For a user with legitimate data, where reports have attachments, the configuration has multiple forms (each with attachments), every attachment request counts towards this limit and they very easily add up (I think the 20 connections are already consumed by simply downloading the resources doc's attachments). Granted, I'm on the "free" plan, but bumping rate to 60 connections / minute hardly makes a difference.

This is what the browser reports when replicating a larger user - 6500 docs with legitimate data: image Granted this replication was against localhost, so I'd expect tunneled requests to take longer. 6500 requests, at a rate of 60/min means ~108 minutes to replicate this user.

With pagekite, I don't have connection-rate-limiting issues but do sometimes have problems with large post requests timing out (large post from client to server dying while transferring data), so it's not the perfect tool either.

mrjones-plip commented 4 years ago

@Hareet - cool cool - thanks very much for the feedback. I didn't mean to suggest all of the "push traffic back to your FQDN" wouldn't work (I can see how they will!), I more wanted to show the SSH tunnel is more flexible (but maybe less reliable?!?). Anyway, all good info to gather.

@dianabarsan - woah!! really great to know this data point. Even the for pay versions of ngrok are WAY under-powered then. This is a case when any of the unmetered DIY solutions we're considering will massively outpace a for pay solution.

mrjones-plip commented 4 years ago

Oh yeah - how important is it for folks to see the per request real time info? For example, ngrok gives you this when you fire it up and make reqeusts:

image

I was thinking it wasn't that important b/c you likely have the API running via node server.js in a terminal and you can see the same thing, but I don't want to assume anything!

garethbowen commented 4 years ago

I agree it's not important to see the request logging. It's nice sometimes to help debug where an issue lies (eg: you forgot to start API), but that's usually fairly obvious.

mrjones-plip commented 3 years ago

Huh - I forgot about this ticket! I must have this on the brain though as I later went and did the [DIY SSH tunnel guide](DIY SSH tunnel guide) and I'm now doing a skunk works project based on the same idea: host tunnels for devs based off GH SSH keys and GH username.

Maybe moving toward closing this ticket based off this?! (cc @newtewt too)

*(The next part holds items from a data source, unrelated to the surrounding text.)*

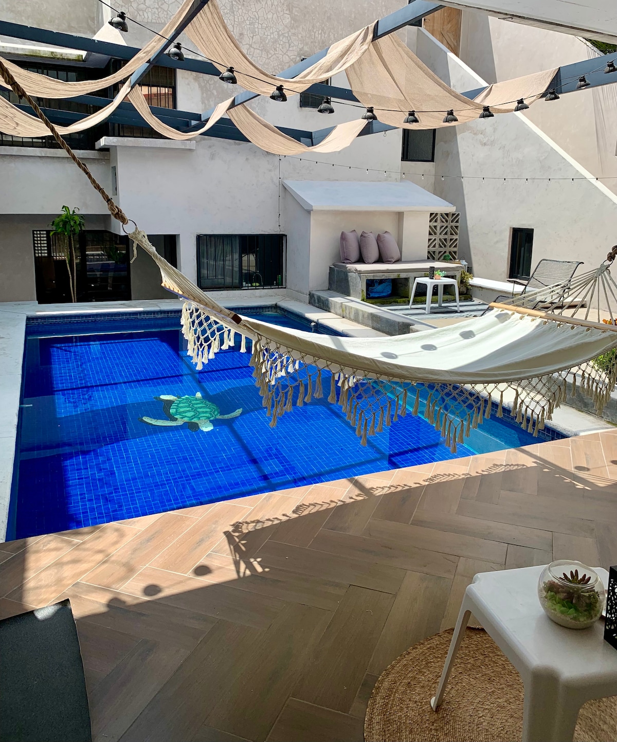 Un verdadero Oasis escondido en un fraccionamiento muy seguro cerca de la autopista y centros comerciales. Aquí estarás en Paz y en Armonía con tu Familia. El jardín, alberca y el jacuzzi son de tu USO EXCLUSIVO. Habitaciones muy limpias, amplias, con muchas amenidades y fina ropa de cama. Cuentan con escritorios para el "home office". Amplio comedor, sala, cocina, y mesa de juegos con todo lo que necesites... y también somos Anfitriones "Pet Friendly"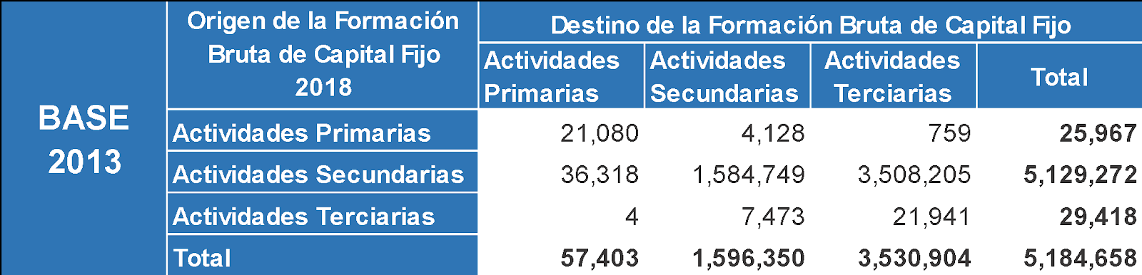 Para 2018, en la estructura de origen y destino de Formación Bruta de Capital Fijo por actividad económica, destaca una concentración en el origen de FBKF de actividades secundarias con 5,129,272 millones de pesos (Construcción, maquinaria y equipo, etc.), mientras que por destino se concentran en actividades terciarias con 3,530,904 millones de pesos.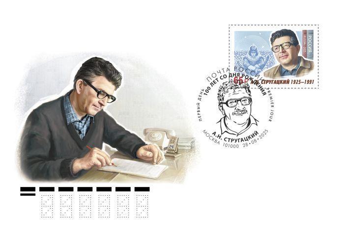 Марка, конверт и штемпель гашения к юбилею писателя. Художник-дизайнер В. Хабловский

ronna commented 3 years ago

@mrjones-plip I came across localtunnel and I am not sure if its an alternative solution https://theboroer.github.io/localtunnel-www/ https://github.com/localtunnel/localtunnel

dianabarsan commented 3 years ago

I've used localtunnel sporadically. I was actually planning on installing localtunnel server somewhere to use permanently.

mrjones-plip commented 3 years ago

@ronna - Oh - localtunnel looks really neat! Thanks for the tip.

@dianabarsan - report back if you do set one up - it'd be good experience to know from.

One thing that seems odd is that the server set up does not discuss TLS certs. Maybe it also assumes you have a wildcard cert?!

Update: A problem that these providers have is abuse b/c malware/phishing sites can hide behind them. It would be good to find one that supported client authentication, currently lacking in localtunnel (but could be put in likely it looks like)

mrjones-plip commented 3 years ago

With the advent of:

I'm going to close this ticket. If anyone thinks this is a bad idea, please re-open!